Since then, Jacques Cornano has been elected twice in the first round of voting as Mayor of Saint-Louis. Indeed, during his first mandate he managed to tackle the city’s debt and was then elected again in 2008 as well as in 2014.

=== Substitute deputy of Éric Jalton and Departement Councillor ===
On the occasion of the French legislative elections of 2002, Jacques Cornano became the substitute deputy of Éric Jalton (deputy of the first circonscription? [sic] of Guadeloupe). Since the latter was elected again in 2007, Jacques Cornanohas remained in this position.
Also very involved in local life, he became a councillor for the Canton de Saint Louis after being elected Mayor of Saint-Louis. He occupied this position until his election as Senator in 2011.

=== Senator of Guadeloupe ===

In 2011, Jacques Cornano ran for the Senate elections and was elected Senator of Guadeloupe (Miscellaneous Left) with 53.65% of the votes in the second round, along with his colleagues, Mr Jacques GILLOT and Mr Felix DESPLAN.
Because of his roots in Marie-Galante, Jacques Cornano pays particular attention to issues relating to the islanders. The main example of this is probably the issue of fairness in the context of the principle of territorial continuity for "the southern islands" (Marie-Galante, la Désirade and the îles des Saintes), an important topic that he strongly defends.

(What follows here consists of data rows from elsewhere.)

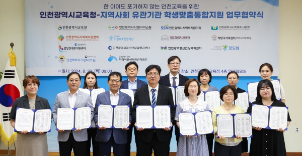 [금요저널] 인천광역시교육청은 학생 중심의 맞춤형 통합지원을 위해 인천사회서비스원, 사회복지협의회, 사회복지사협회, 사회복지관협회 등 13개 지역사회 사회복지 및 아동·청소년 전문기관과 ‘학생맞춤통합지원 업무협약’을 29일 체결했다.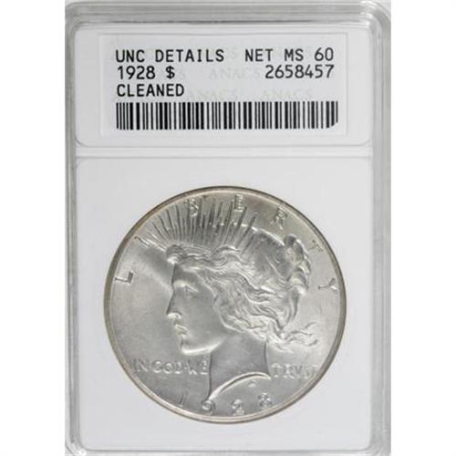 <!-- BEGIN: ICOLLECTOR - EBAY LOT HTML CODE --><style type='text/css'> #icoll_images_thumbnails, #icoll_images_mainimage, #icoll_otherlots { display: none; } div { font-family: arial, verdana, helvetica; } img { border: none; } .icoll_heading_title { background-color: #EFEFFF; color: #000; font-family: arial, verdana, helvetica; font-size: 12pt; font-style: normal; font-weight: bold; } </style><style type='text/css'>@import url(http://www.icollector.com/css/ebay/ebaylot_20070703.css);</style><script language='javascript' type='text/javascript'>function icollfunc_getelement(element_id) { var tmpelement = null; if(document.getElementById) tmpelement = document.getElementById(element_id); if(tmpelement == null) tmpelement = document[element_id]; return tmpelement; }var icollvar_mainpic = null; function icollfunc_initimages() { icollfunc_getelement('mainPicture').style.display = 'none'; icollvar_mainpic = icollfunc_getelement('icoll_images_mainimage'); var body_onload = document.body.attributes['onload']; document.body.setAttribute('onload', (body_onload ? body_onload.nodeValue : '') + 'icollfunc_fixoperaimgbug();'); }function icollfunc_changeimage(imgurl) { if(icollvar_mainpic != null) icollvar_mainpic.src = imgurl; }function icollfunc_fixoperaimgbug() { if(window.opera) { var imgobjs = icollfunc_getelement('icoll_images_thumbnails').getElementsByTagName('img'); for(var i=0; i<imgobjs.length; i++) { var w = imgobjs[i].clientWidth; if(w > 0) imgobjs[i].style.width = w + 'px'; } } }</script><script language='javascript' type='text/javascript'> var useragent = escape(navigator.userAgent); var appname = escape(navigator.appName); var dateobj = new Date(); var datetime = escape(dateobj.getFullYear()+'-'+(dateobj.getMonth()+1)+'-'+dateobj.getDate()+' '+dateobj.getHours()+':'+dateobj.getMinutes()); var referrer = ''; if(document.referrer && document.referrer != null) referrer = escape(document.referrer); new Image().src = 'http://www.icollector.com/stats/ebaylot.ashx?id=7140512&ua='+useragent+'&an='+appname+'&dt='+datetime+'&tz='+dateobj.getTimezoneOffset()+'&re='+referrer;</script><div id='icoll_images'><div id='icoll_images_prev'><a href='http://cgi.liveauctions.ebay.com/ws/eBayISAPI.dll?ViewItem&item=170135059637'><img src='http://www.ha.com/common/proxyImage.php?ebay=445-120021-1-75' alt='' /><img src='http://icollector.com/graphics/ebay_leftarrow.gif' alt='' class='arrow' /></a><div id='icoll_images_prev_info'>Prev Lot</div></div><div id='icoll_images_next'><a href='http://cgi.liveauctions.ebay.com/ws/eBayISAPI.dll?ViewItem&item=170135059656'><img src='http://www.ha.com/common/proxyImage.php?ebay=445-40014-1-75' alt='' /><img src='http://icollector.com/graphics/ebay_rightarrow.gif' alt='' class='arrow' /></a><div id='icoll_images_next_info'>Next Lot</div></div><div id='icoll_images_thumbnails'><a href='http://www.ha.com/common/proxyImage.php?ebay=445-17164-1-75' target='_blank' onmouseover="icollfunc_changeimage('http://www.ha.com/common/proxyImage.php?ebay=445-17164-1-75');"><img src='http://www.ha.com/common/proxyImage.php?ebay=445-17164-1-75' alt='' /></a><a href='http://www.ha.com/common/proxyImage.php?ebay=445-17164-2-75' target='_blank' onmouseover="icollfunc_changeimage('http://www.ha.com/common/proxyImage.php?ebay=445-17164-2-75');"><img src='http://www.ha.com/common/proxyImage.php?ebay=445-17164-2-75' alt='' /></a><div id='icoll_images_thumbnails_info'>Hover thumbnail to view large image below. Click thumbnail to view full image in new window.</div></div><div id='icoll_images_mainimage_container'><img id='icoll_images_mainimage' alt='' src='http://www.ha.com/common/proxyImage.php?ebay=445-17164-1-75'></div></div><script language='javascript' type='text/javascript'>icollfunc_initimages();</script><div id='icoll_description'><B>1928 $1 --Cleaned--ANACS. UNC Details Net MS60.</B></I> NGC Census: (52/2990). PCGS Population (76/4483). Mintage: 360,649. Numismedia Wsl. Price for NGC/PCGS coin in MS60: $460. (#7373)<BR><BR><B>Coin Engraver:</B> Anthony de Francisci<BR><BR><b>Shipping:</b> Coins & Currency (<a target="_blank" href="http://www.heritageauctions.com/common/shipping.php">view shipping information</a>\)</div><div id='icoll_notices'><div class='icoll_heading_left'></div><div class='icoll_heading'><div class='icoll_heading_title'>Notices</div></div><div class='icoll_heading_right'></div><div id='icoll_notices_info'><B>Important notice:</B> Heritage usually auctions material at the rate of 200-250 lots per hour. On some occasions eBay Live bid software or the Internet may not be able to keep up with the pace of the auction. We recommend placing a realistic absentee bid now as insurance to avoid disappointment. Occasionally the auctioneer may eliminate or reject an eBay Live bid, and the auctioneer may also reopen a lot after the close of the eBay live bidding (usually because we missed an audience bid), and may reject your bid even if it shows you as the winning bidder. By bidding via eBay Live, you agree that Heritage may award the lot to another bidder at its sole discretion under the circumstances described above or any other reasonable circumstances. Since eBay bids are not shown to us until we open the lot on the floor, we treat those bids just like floor bids. In most cases the floor responds before the eBay bid is presented to us, due to Internet lag time, so for consistency we have made it a policy that floor bids are always considered first over tie eBay live bids. Also please note that all Heritage lots purchased through eBay Live carry a 20% Buyer's Premium with a $9 minimum Buyer's Premium. Please make sure you read the Terms and Conditions before you bid. This lot is being auctioned in conjunction with a live floor auction by Heritage Auctions. All final auction and invoice information will be supplied by Heritage Auctions, and all other information should be considered preliminary. <BR><BR><B>Winning Notification and Billing:</B> After the FINAL session in this auction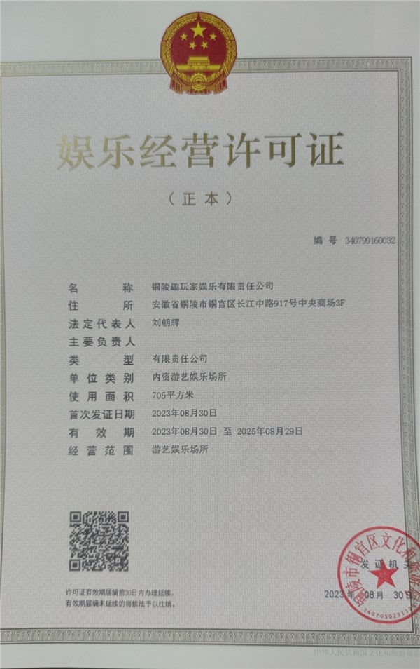 游艺娱乐场所新设(铜陵趣玩家娱乐有限责任公司)-铜官区人民政府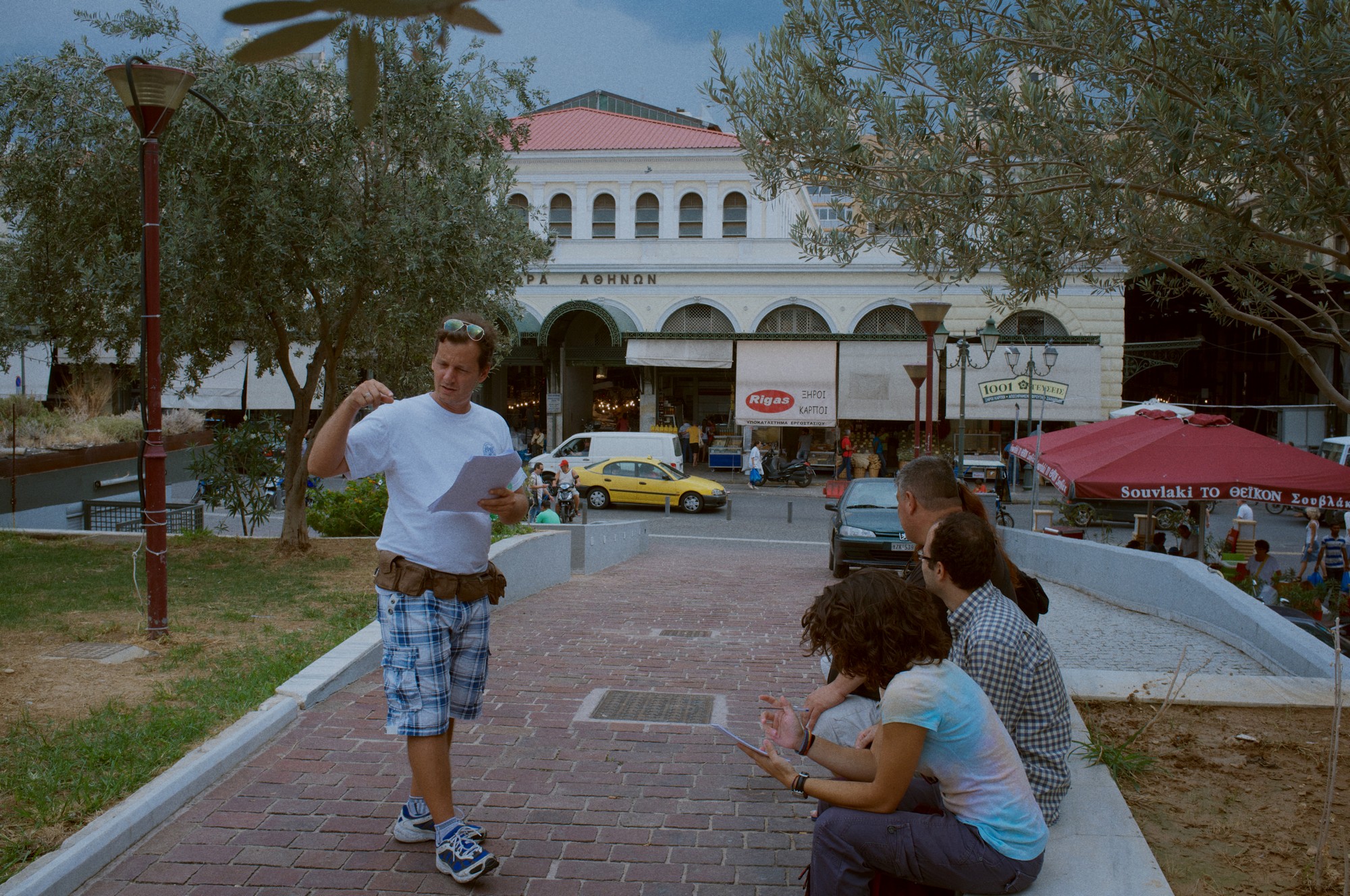 Ο Λάμπρος (αριστερά) και ο Χρήστος (δεξιά) παρακολουθούν την ξενάγηση του Γιάννη, την οποία θα κληθούν και οι ίδιοι να κάνουν μετέπειτα

As part of his senatorial duties, Jacques Cornano is a member of the delegation of Overseas territories and of the Commission on Sustainable Development, infrastructure, equipment and land.
In early 2015, he was also appointed rapporteur of the working group "Les Outre-Mer confrontés au changement climatique" within the context of the preparation of the 21st Conference of Parties (COP21).